Jury selection has begun in Chicago in what is being billed as the biggest US organised crime trial in years.
The trial follows an FBI operation called Family Secrets
Joey "the Clown" Lombardo, who faces charges of racketeering, is alleged to have been the boss of a gang called the Chicago Outfit in the 1970s and 80s.
Four alleged associates are also going on trial. All five have pleaded not guilty. Investigators say at least 18 murders can be linked to the gang.
The judge has ordered an anonymous jury for the trial, due to take four months.
Mr Lombardo, 78, who was arrested early last year, reportedly earned his nickname "the Clown" because of his love of wisecracks.
The other defendants standing trial are James Marcello, 65, Frank Calabrese Senior, 70, Paul Schiro, 69 and former Chicago police officer Anthony Doyle, 62.
The FBI's investigation has been known as Operation Family Secrets because the man expected to be the prosecution's star witness, Nicholas Calabrese, is the brother of defendant Frank Calabrese.
Nicholas, who says he was a member of the Outfit for years, has pleaded guilty to several charges and has told prosecutors he has information on many killings allegedly carried out by the gang.

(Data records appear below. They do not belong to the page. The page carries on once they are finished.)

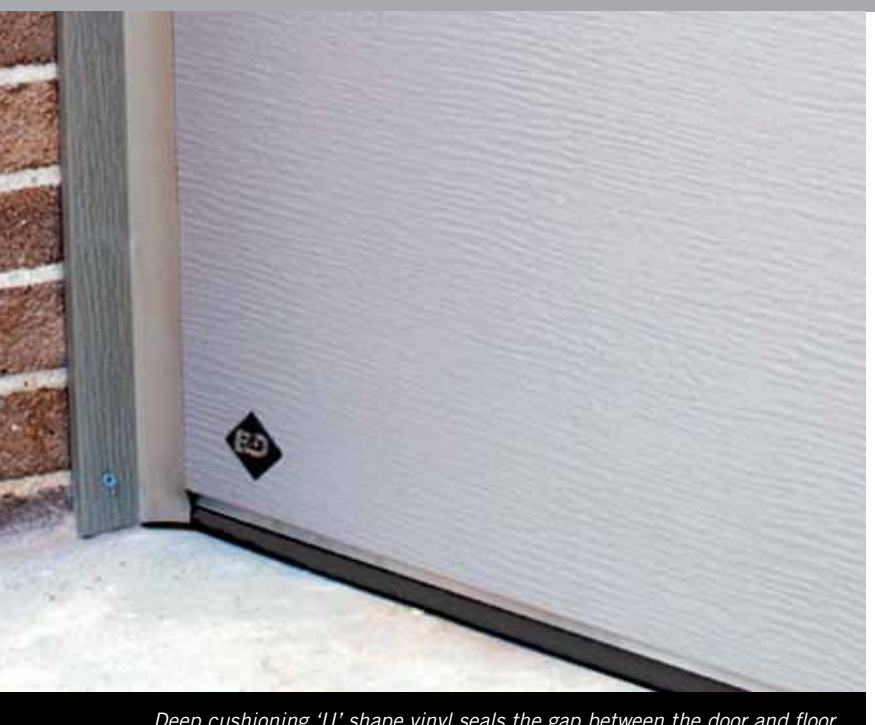
Deep cushioning 'U' shape vinyl seals the gap between the door and floor.
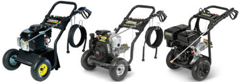
Model HD 2.3/26 CV: 21"L x 23"W x 31"H
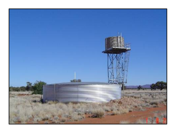
Water storage tanks and new electric bore

A windmill bore is located north-east of the community.
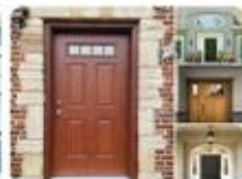
Chicago Fiberglass Entry Doors | Huge Savings! | Virtual Appo...

Among them is that of gangster Anthony "The Ant" Spilotro, who, with his brother Michael, was beaten to death and buried in a cornfield in Indiana.
In the 1995 Martin Scorsese film Casino the Joe Pesci character was based on Spilotro and he and his brother met a similar end.

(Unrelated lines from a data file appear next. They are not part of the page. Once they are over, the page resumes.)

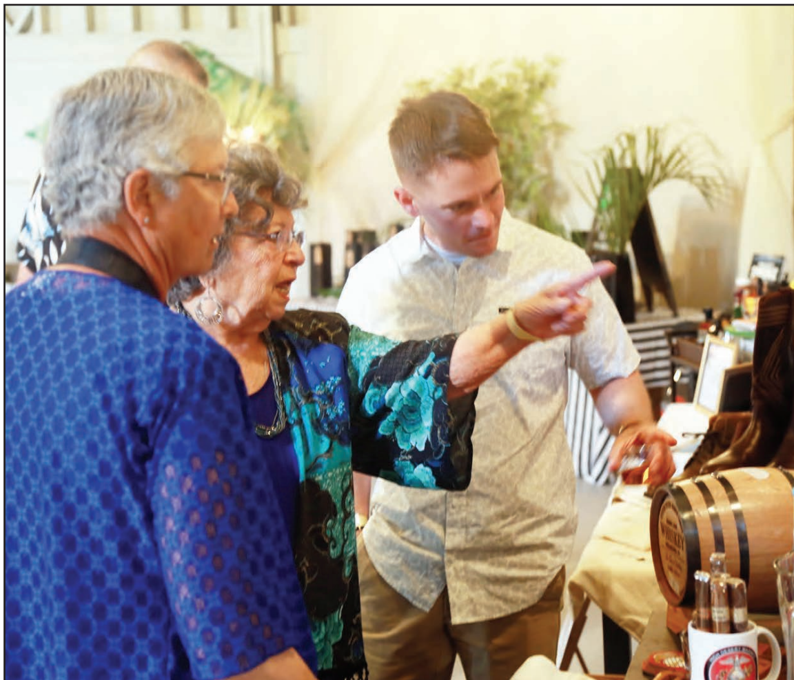
Guests look at one of many auction bundles during the Havana Nights Gala & Benefit Auction hosted by Smith's Ranch in Twentynine Palms, Calif., Saturday.
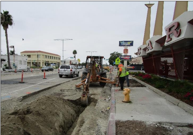
Excavating Trench for Electrical Lighting Conduit
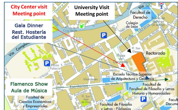
Alcalá de Henares, City Center
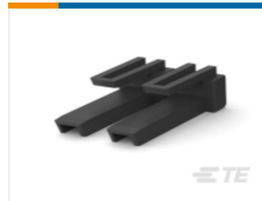
TE Part # 1744544-2 EP II TPA 02P, BLACK
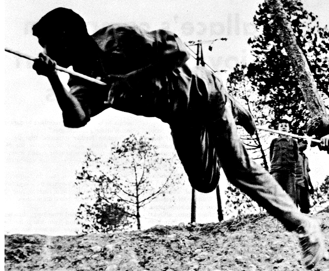
Al Fatah commandos (above and right) training somewhere in
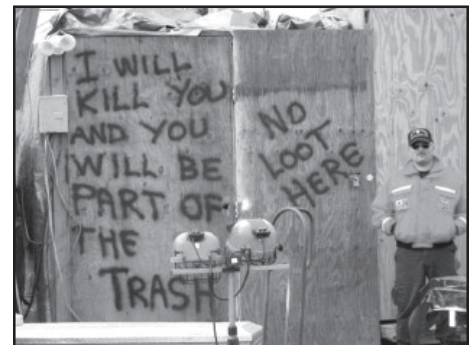
Hurricane Katrina recovery operations, Mississippi

time, he has served as a Command Duty Officer and Marine Inspector at Marine Safety Office Hampton Roads, as the Chief of Vessel Salvage Operations at Sector Mobile, Alabama during Hurricane Katrina recovery operations, and as the Team Leader of the USCG RAID Team, a group of HAZMAT experts assigned to the U.S. Army in Iraq and Kuwait. During the former assignment, he was awarded the U.S. Army Combat Action Badge, the first Coast Guardsman to receive this honor. He currently is assigned to Sector Hampton Roads as the Assistant Chief of Port Safety and Security.
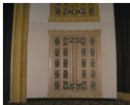
Regent Ballarat panel detail in auditorium 2009

The gang - which was once run by notorious gangster Al Capone - ran gambling, pornography and extortionate lending operations during the 1970s and 80s.
District Judge James Zagel decided to order an anonymous jury after the prosecution cited safety concerns.
Defence lawyers have objected on the grounds it will predispose the jurors to think the defendants must be dangerous.